I tell my students the #1 rule (joke) is always to write with your end user in mind. What is the most likely thing that they will type into a search engine that is relevant to your site/stories? Write that as your headline, or close to it. Numbers are irrelevant to most search engines.

* Data shows articles with digits may be shared more on Facebook than those without
* Five reasons why readers like numbers in headlines
* Using numbers in headlines: Is the game changing?



  1. They’re way overused.

    In print, it’s one of the favorite gimmicks of today’s unoriginal page designer. The standard M.O. was to write a headline like “10 ways to avoid editing.” The numeral 10 would be in at least 80-point type.

    Then, each “tip” would have a large, colored numeral in front of it. Usually the tips are not written well. The “best” come from Sports when they roll out something like “10 ways to defeat the opponent,” and the tips include things like “Score more points” or “Play defense.”

    Claiming this technique must work just because it’s overused is the ultimate example of circular logic.

  2. Lauren Custer said:

    I have also noticed that several of these ‘top #’ lists are built out in gallery-type templates, with each click into the next item resulting in a refresh of the page or gallery module in the page itself. Each new click equals another advertisement load, which could ultimately mean more money due to more page views.

    Just an assumption.
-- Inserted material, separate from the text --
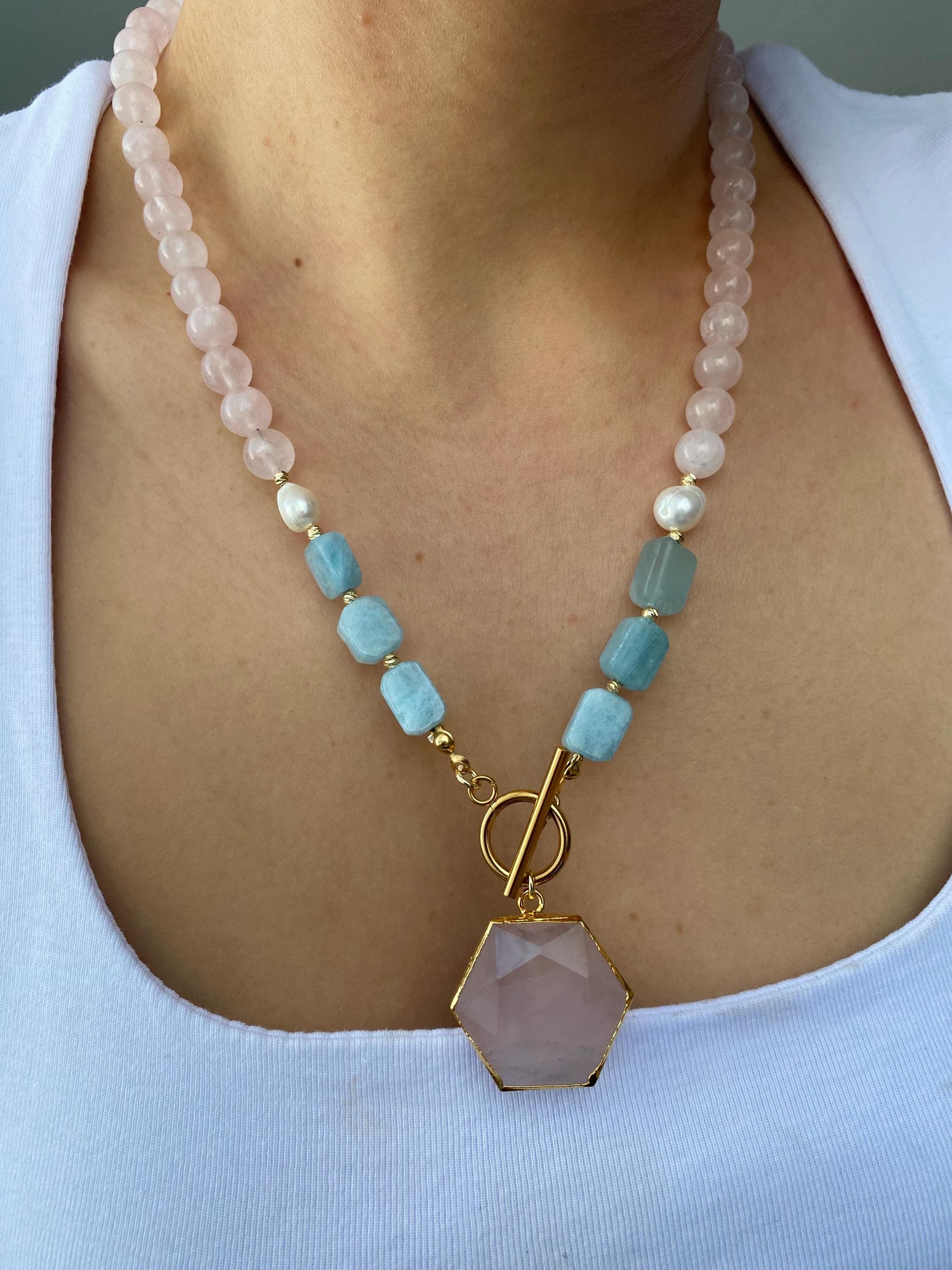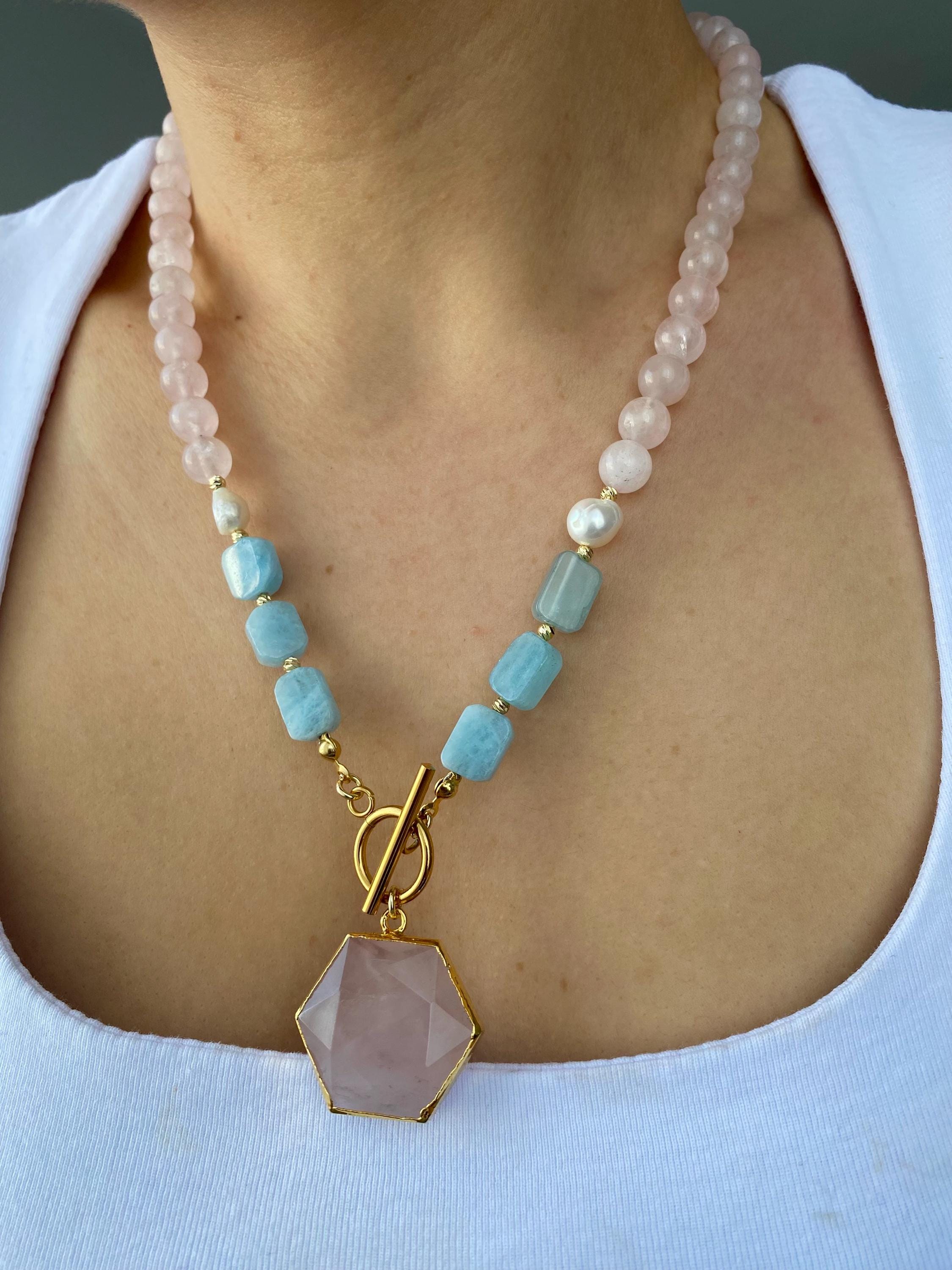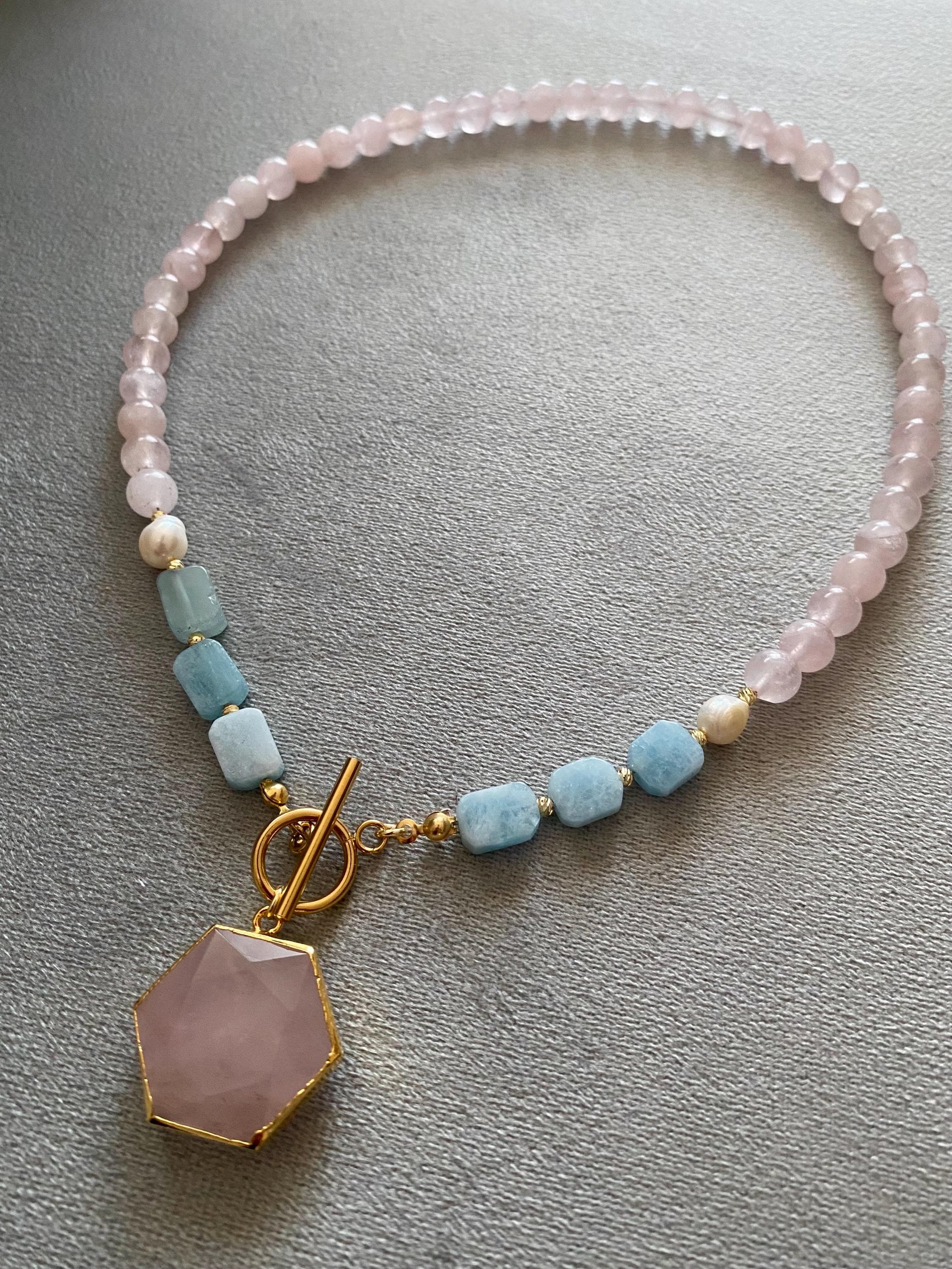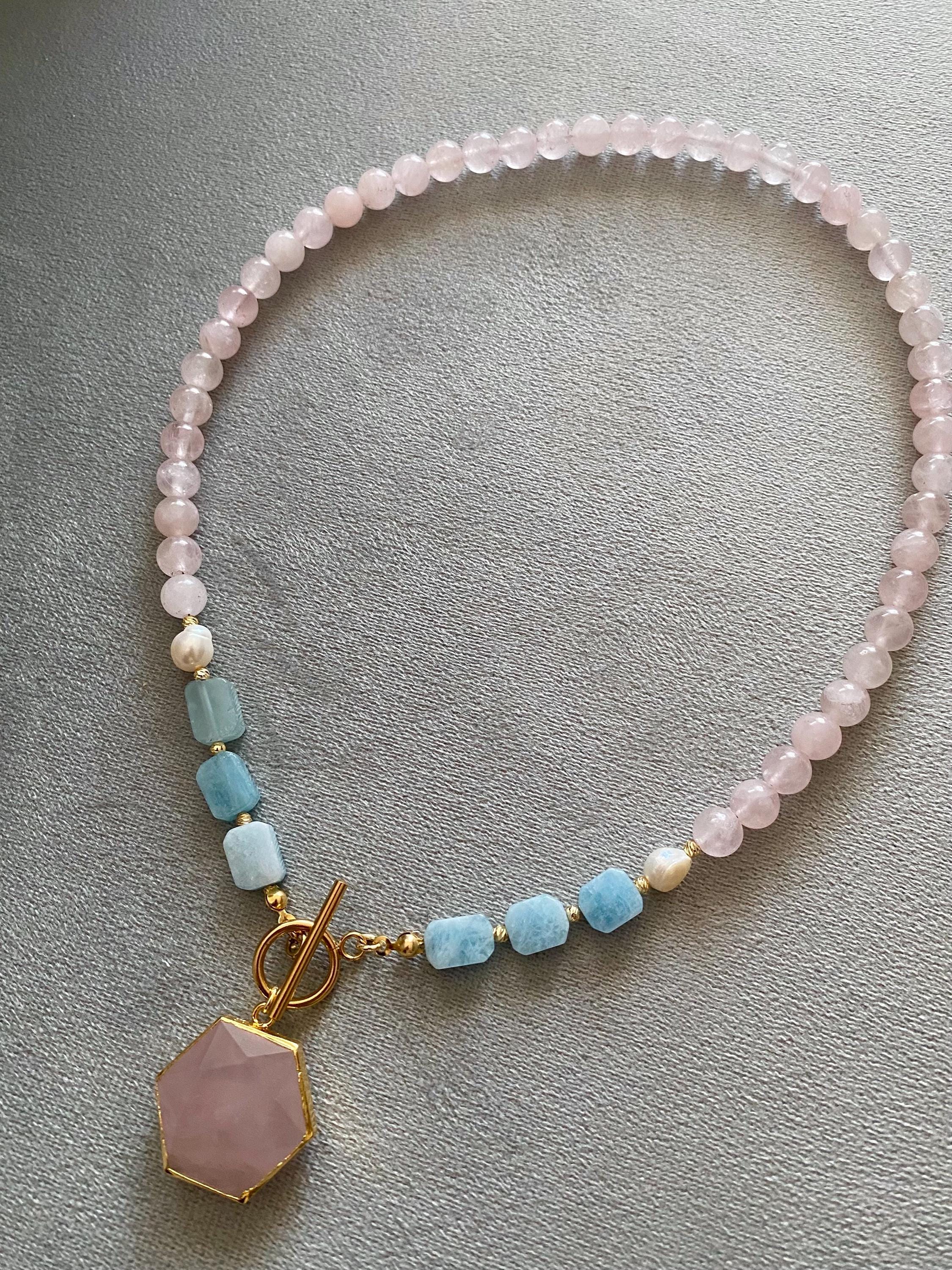 A beautifully balanced bohemian statement necklace featuring the soft, feminine energy of Rose Quartz paired with the tranquil blue tones of Aquamarine. The design is completed with a rose quartz pendant, adding an elegant focal point to this refined piece.

I noticed this happens in Mashable’s top lists; there is a cube advertisement in the lower right of the gallery that reloads each time you click another item.

  3. 1) I can’t believe you passed on the chance to headline this “Six reasons why we’re seeing so many numbers in headlines.”

    2) Look at the kinds of stories that invite number headlines: Listicles aren’t just relatively easy to write and read, they also lend themselves to page-view-inflating slideshow presentations.

  4. Jennifer Greenhill-Taylor said:

    Sigh… pageviews… hasn’t anyone figured out that the emperor has no clothes?